Werner Liebisch / 24.06.2018

Die AfD hat Top-Leute, Realisten und die besten Rhetoriker(innen). Die meisten sprechen hervorragendes Englisch. Ich hoffe die AfD wird demnächst noch mehr Stimmen erhalten. Sicher gibt es Rassisten etc. in der Partei, aber die gibt es in jeder Partei.

Peter Schnabel / 24.06.2018

Meine Meinung: Die deutsche Automobilindustrie könnte nicht, sondern sie WIRD bereits mit voller Wucht an die Wand gefahren. Und nicht nur die Industrie, sondern natürlich auch der Vertrieb bzw. Handel. Da ich gerade ein wenig nach einem neuen Fahrzeug suche, bekommt man von den Autohändlern auch die ein oder andere Information. Nachdem ja vor kurzem noch von den Medien berichtet wurde, dass Porsche seinen Vertrieb in Deutschland aufgrund jetzt schon unerreichbaren CO2-Untergrenzen faktisch eingestellt hat (wie ist hier eigentlich der aktuelle Stand der Dinge?), erfuhr ich durch ein Telefonat mit Dacia Deutschland, dass wohl auch bei diesen bis auf Weiteres kein Neufahrzeug ausgeliefert wird. Als ich mich bei Toyota umschaute, bekam ich von einem Verkäufer die gleiche Aussage; gehört oder gelesen hatte ich bis dato nichts davon. Im Grunde genommen sollte ich mein jetziges Auto wirklich so lange fahren, bis es auseinanderfällt und dann nie wieder. Der Individualverkehr soll zum Erliegen kommen, denn dieser stört in seiner jetzigen Form gewaltig bei der Umsetzung des autonomen Fahrens. Gleichzeitig wird sich dieses dann aber nur noch irgendeine Elite leisten können (oder wollen?). Als nächstes werden dann wohl analoge Fahrräder udgl. zum Teufel gejagt und zum guten Schluss erhält jeder einen RFID-Chip eingepflanzt (in Schweden soll das ja bereits extrem hip sein). Erst wenn der letzte analoge Mensch verschwunden ist, werdet ihr merken, dass ihr euer Bewegungsprofil nicht mehr verbergen könnt (und nicht nur das!)!

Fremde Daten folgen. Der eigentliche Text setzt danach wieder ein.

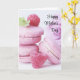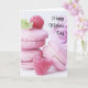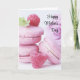 Carte de fête des mères avec une délicieuse photographie représentant une tour de macarons roses avec des framboises disposées autour. Délicieusement divin.
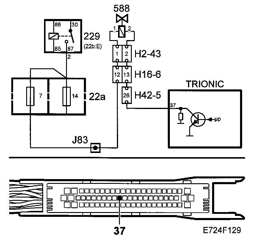^ Engine running. Main relay voltage 10 V - 16 V. Output not active.
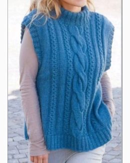Вязаный жилет спицами с выразительным центральным косым узором и рельефными боковыми полосами.
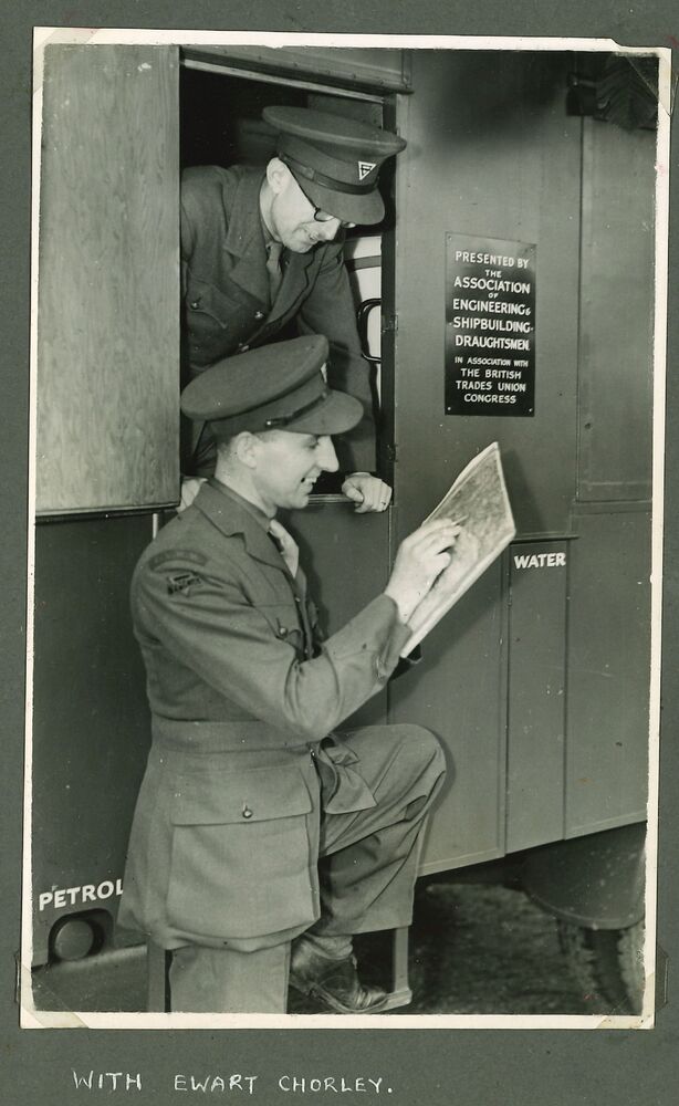 Foto van twee mannen in R.A.F. uniform, beiden in de...
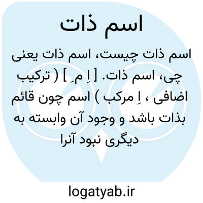 اسم ذات. [ اِ م ِ ] ( ترکیب اضافی، اِ مرکب ) اسم چون قائم بذات باشد و وجود آن وابسته به دیگری نبود آنرا اسم ذات نامند: جامه، نامه، مرد، زن، پسر، بلبل، باغ، پیل. و آن مقابل اسم معنی است. رجوع به اسم معنی شود.
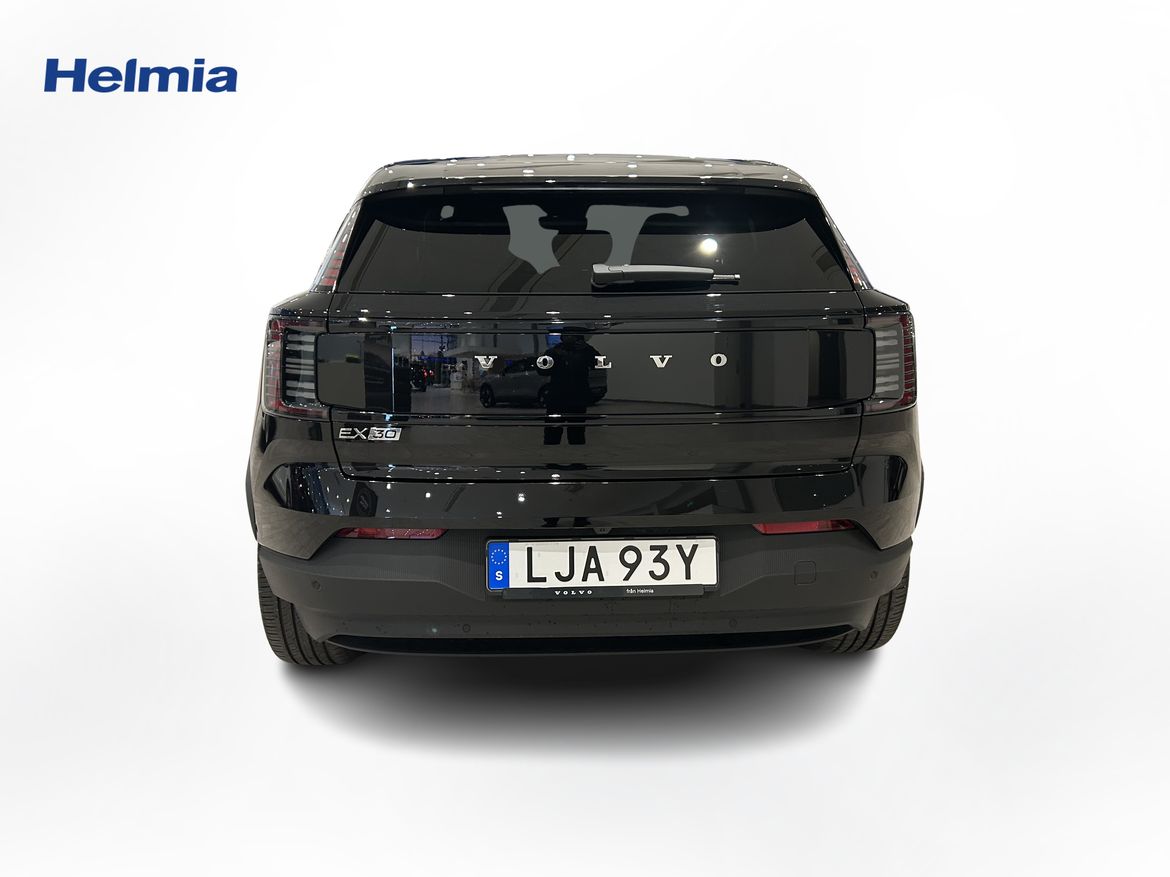 En svart begagnad Volvo EX30 Twin Motor Performance som är tillverkad 2024 med årsmodell 2025 och har utrustningspaketet Ultra med 428 hk. Fordonet finns i Arvika med reg. nummer LJA93Y, har automat-växellåda och mätarställning är 295 mil. Fordonet har totalt 5 st sittplatser och är kategoriserad som liten suv.

Immo Sennewald / 24.06.2018

Brillante Glosse - mein Sonntag ist gerettet, immerhin. Deutschland, Europa und die Welt hingegen werden weiter auf Frau Merkel hoffen müssen, die demnächst den Grünen eine erfahrene und unersetzliche Vor-aus-sitzende sein wird. Dann wird die Rettung von allem alternativlos. Und Dirk Maxeiner erklärt, warum. Danke für den Hinweis übrigens, dass und inwiefern Kenntnisse von Naturwissenschaft und Technik einen leicht an die Seite der falschen Leute bringen können. Ich habe das in der DDR schonmal erlebt, weiß also einiges über Flüchtlingsschicksale einst, jetzt und in Zukunft.

Heiko Wöhr / 24.06.2018

Bin begeistert von Ihrem Artikel! Dramaturgie, fatalistischer Gleichmut und Humor. So versuche ich die Tage zu bewältigen. Die letzen Tage der Aufklärung.